*** MATERIALS PROVIDED Section Begins ***
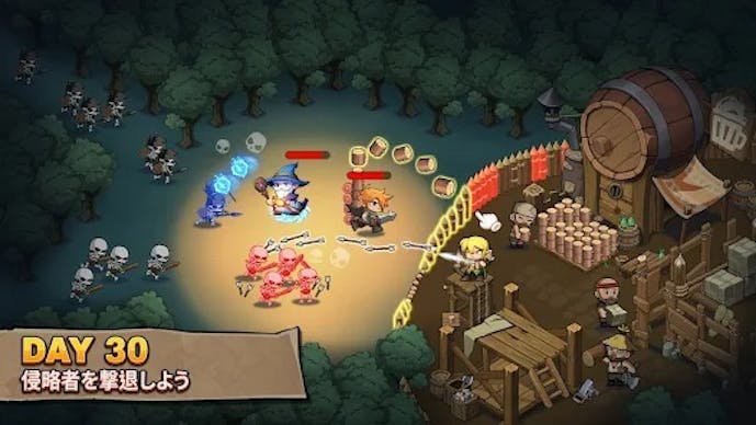 あとはアプリを閉じている間に素材や資金がどんどん蓄積され、帰宅後に村や英雄を一気に強化できる“オフライン報酬”が魅力です。
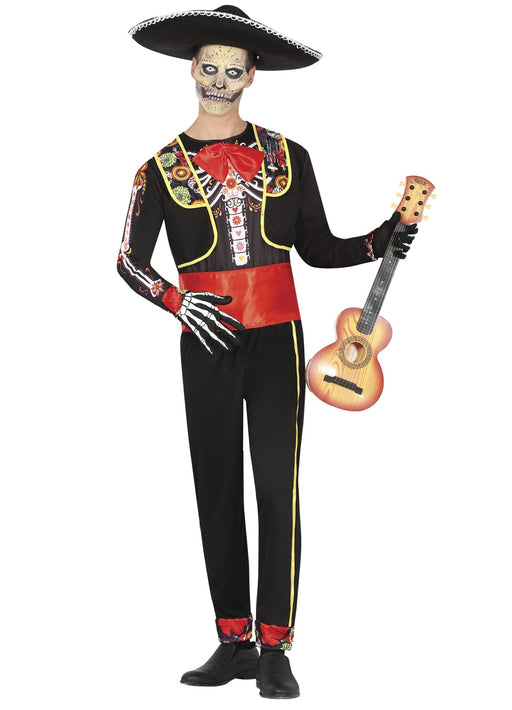 Day of the Dead Halloween costume consisting of one piece printed jumpsuit with attached waistcoat, red bow tie and belt. Pictured sombrero and gl...
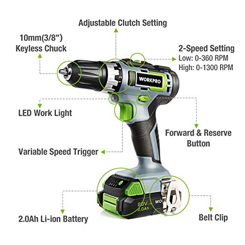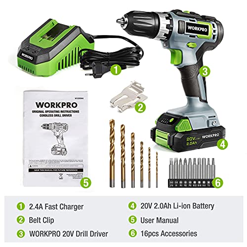 WORKPRO Akkuschrauber 18V/20V Akku-Bohrschrauber mit 16 Zubehör, Drehmoment 25NM und variable Drehzahlen, LED-Licht, 2…
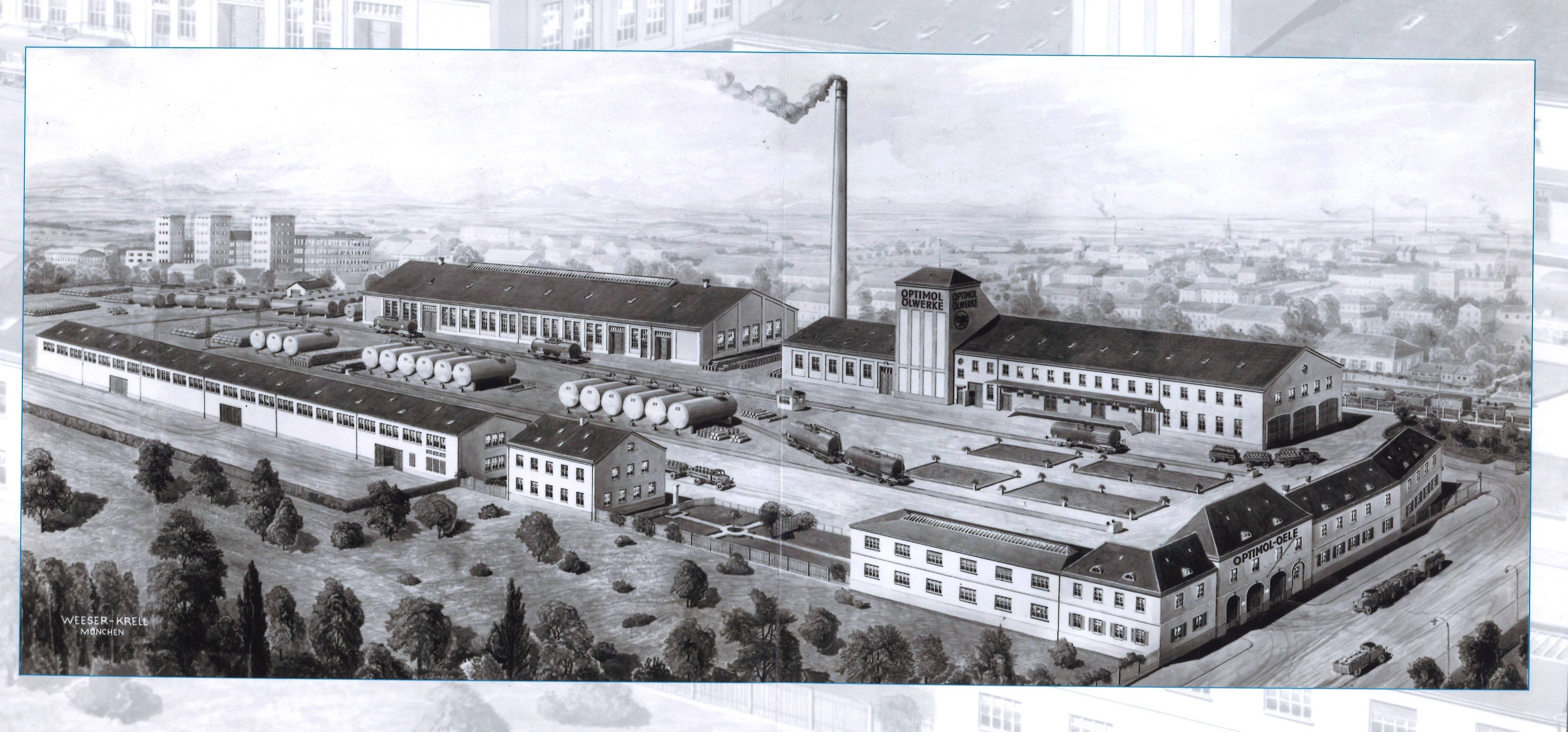 - Historisches Bild der ursprünglichen Optimol Ölwerke.
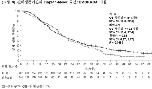 b. 최종 OS 분석 시점에 이 약 투여군 및 화학요법군에서 무작위 배정된 환자의 각각 46.3%와 41.7%가 이후에 백금요법을 받았으며, 4.5%와 32.6%는 이후에 PARP 억제제를 투여받았다.
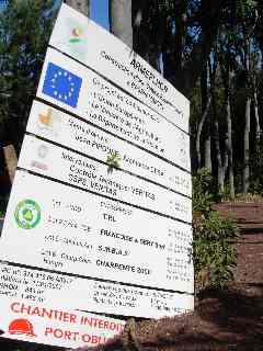 >>> Un panneau indique : ARMEFLHOR, construction d'une station expérimentale, un projet cofinancé par l'Union européenne, le Ministère de l'agriculture et le Département de la Réunion. L'ARMEFLHOR est l'Association réunionnaise pour la modernisation de l'économie fruitière, légumière et horticole, elle s'est installée en janvier 2008 à Bassin Martin. Le
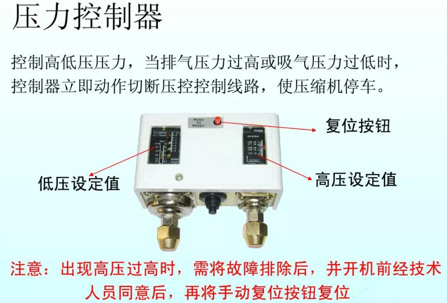 機械式壓力控制器屬于制冷機組壓力的控制的元器件,在制冷系統(tǒng)中主要用作高壓/低壓/高低壓壓力控制器。使用方法簡單,在壓力控制器上面設(shè)定一個壓力,以高于或者低于此壓力的壓力控制器觸點動作,然后可以發(fā)出信號以保護制冷壓縮機為主。
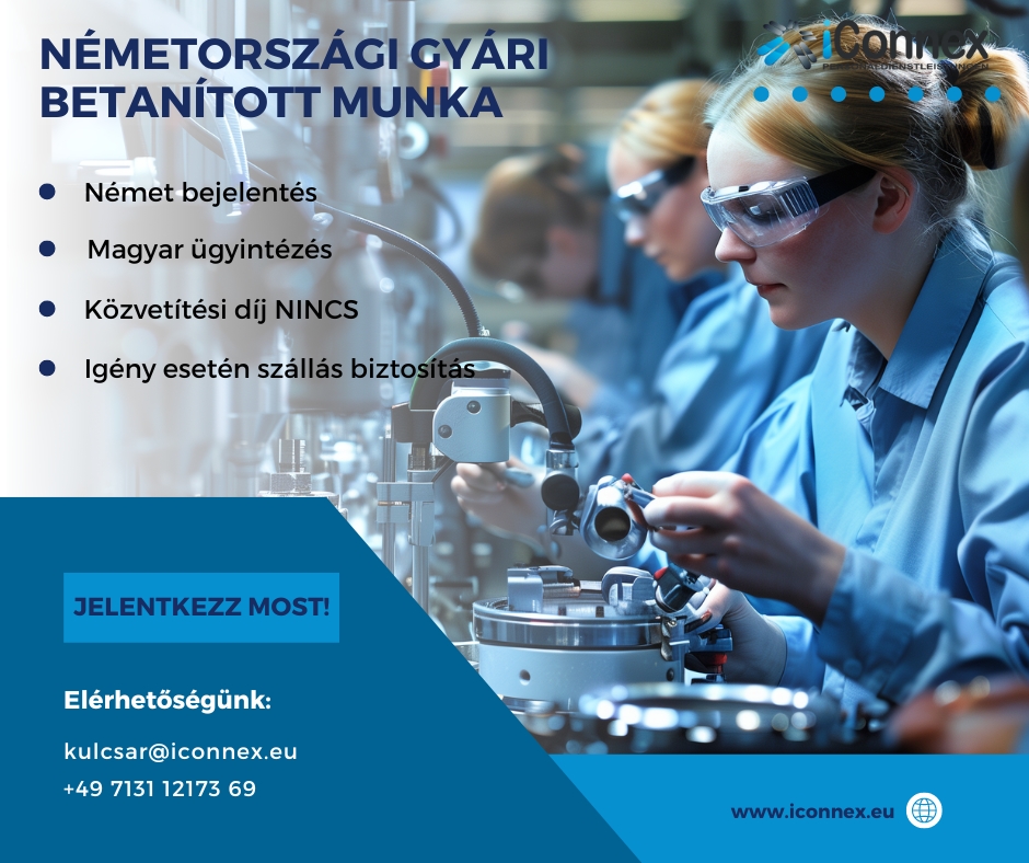 Közepes szintű német nyelvtudással rendelkező kollégákat keresünk elektronikai berendezéseket gyártó céghez. A feladatok közé tartozik: gépkezelés, minőségellenőrzés, összeszerelés. Hosszú távú munkalehetőség, német bejelentéssel és átvételi lehetőséggel. Hölgyek, férfiak és párok jelentkezését is várjuk! Igény esetén szállás biztosítással.
*** MATERIALS PROVIDED Section Ends ***
# DIRECTIONS FOR THIS TASK:
In your reply, please set down exactly the lines from the one containing "WORKPRO Akkuschrauber 18V/20V" through the end of the records, with the pictures left out.

# YOUR SOLUTION:
 WORKPRO Akkuschrauber 18V/20V Akku-Bohrschrauber mit 16 Zubehör, Drehmoment 25NM und variable Drehzahlen, LED-Licht, 2…
 - Historisches Bild der ursprünglichen Optimol Ölwerke.
 b. 최종 OS 분석 시점에 이 약 투여군 및 화학요법군에서 무작위 배정된 환자의 각각 46.3%와 41.7%가 이후에 백금요법을 받았으며, 4.5%와 32.6%는 이후에 PARP 억제제를 투여받았다.
 >>> Un panneau indique : ARMEFLHOR, construction d'une station expérimentale, un projet cofinancé par l'Union européenne, le Ministère de l'agriculture et le Département de la Réunion. L'ARMEFLHOR est l'Association réunionnaise pour la modernisation de l'économie fruitière, légumière et horticole, elle s'est installée en janvier 2008 à Bassin Martin. Le
 機械式壓力控制器屬于制冷機組壓力的控制的元器件,在制冷系統(tǒng)中主要用作高壓/低壓/高低壓壓力控制器。使用方法簡單,在壓力控制器上面設(shè)定一個壓力,以高于或者低于此壓力的壓力控制器觸點動作,然后可以發(fā)出信號以保護制冷壓縮機為主。
 Közepes szintű német nyelvtudással rendelkező kollégákat keresünk elektronikai berendezéseket gyártó céghez. A feladatok közé tartozik: gépkezelés, minőségellenőrzés, összeszerelés. Hosszú távú munkalehetőség, német bejelentéssel és átvételi lehetőséggel. Hölgyek, férfiak és párok jelentkezését is várjuk! Igény esetén szállás biztosítással.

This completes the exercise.